On Friday, Squire Patton Boggs snagged Neil Upton, co-head of the firm’s global energy group and a leader of its energy team in London. A five-lawyer energy team also announced plans last week to leave King & Wood Mallesons’ Frankfurt office for Anglo-German legal giant Taylor Wessing. Among those making that move are German banking and finance head Sabine Schomaker.

CMS Cameron McKenna, another British firm in the midst of pulling off its own three-way merger, is advising King & Wood Mallesons. Rita Lowe, head of banking and finance at CMS, is a frequent adviser to financial institutions dealing with distressed partnerships. King & Wood Mallesons operates separate partnerships under the Swiss verein structure to account for its Australia, China and European arms.

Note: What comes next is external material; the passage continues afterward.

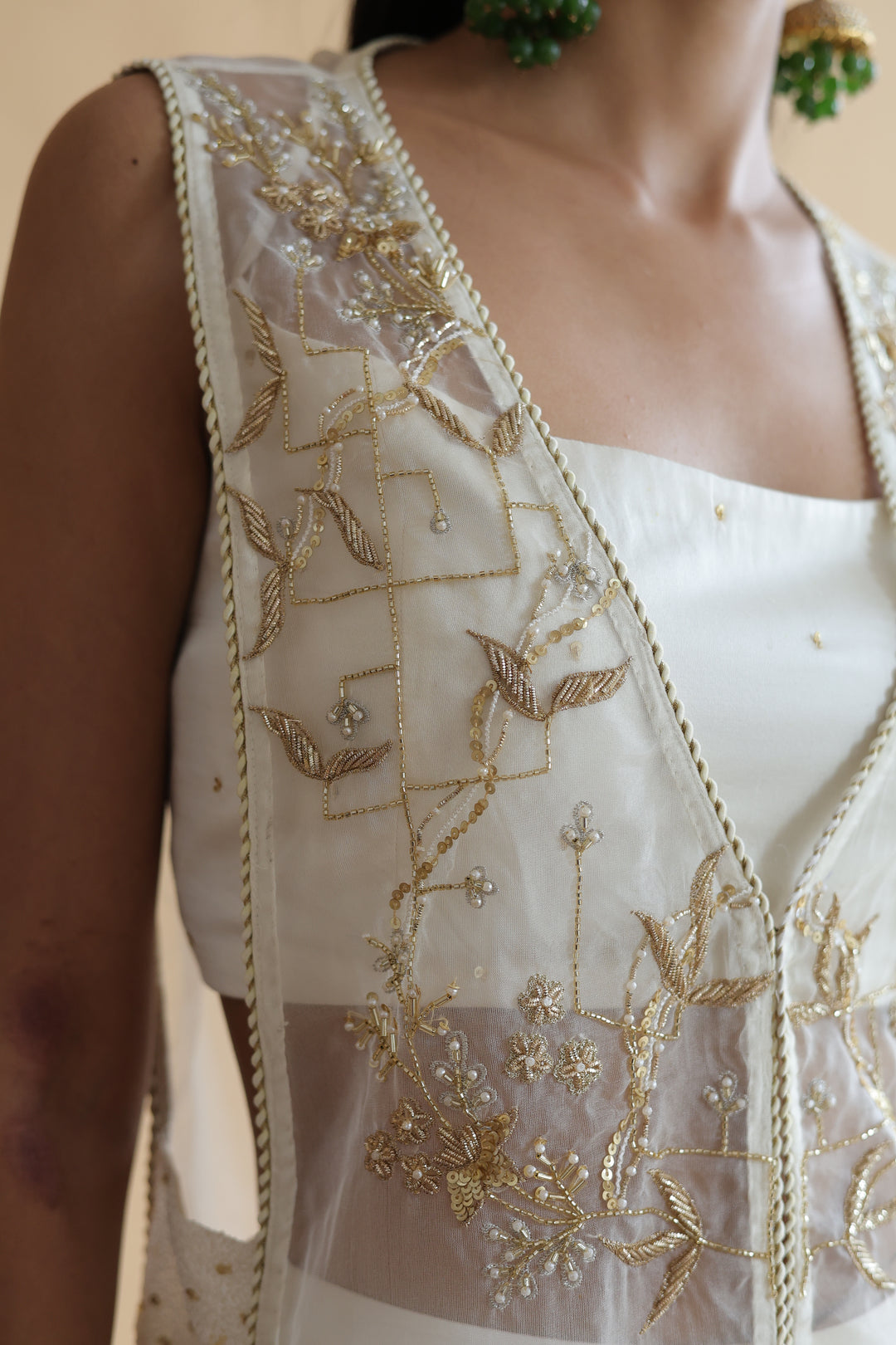 Ivory Georgette Co-Ord Set with Resham -Thread & Stone Embroidery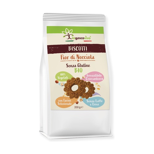 Sušenky s cizrnovou moukou a lískovými oříšky bez lepku. Produkt speciálně formulovaný pro osoby s nesnášenlivostí lepku. Ekologický.

King & Wood Mallesons’ hybrid history and financial issues have led some legal market observers to put the firm on their watch lists. A former partner at the firm, asked about the possibility of a rescue of its European arm from China, said its new European management is “trying to play on the reputational damage the Chinese arm would face if Europe goes under.”

But while the Chinese leadership could be reluctant to bail out Europe, King & Wood Mallesons’ Australia arm could be open to such a plan, said an ex-partner at the firm.

“They may well say, ‘That’s not our problem, we’re making money here,’” said the former partner. “I think it’s something the Australian partnership would contemplate though, and I think it would have pretty dire ramifications on the relationship between Australia and China if China refused to help.”

But another former partner with the firm’s European arm believes that China will come through with some form of financial assistance, noting that, “it’s worth more to the Chinese parts of the business to keep Europe going.”

Morgan Lewis is no stranger to circling firms in financial straits. Besides its deal with Bingham in late 2014, Morgan Lewis has hired large groups of lawyers from defunct firms like California’s Brobeck, Phleger & Harrison; Dewey & LeBoeuf; Howrey; IP boutique Pennie & Edmonds; and Thelen. Morgan Lewis also expanded in Asia last year by combining with Singapore’s Stamford Law Corp.

In May, Morgan Lewis’ chief marketing officer Despina Kartson, a high-profile administrative hire in 2013, left the firm to become global director of business development and communications at Jones Day. Kartson replaced Cherie Olland, who retired from Jones Day in July. In March, Morgan Lewis recruited Dechert’s Colleen Nihill to serve as its new chief administrative officer.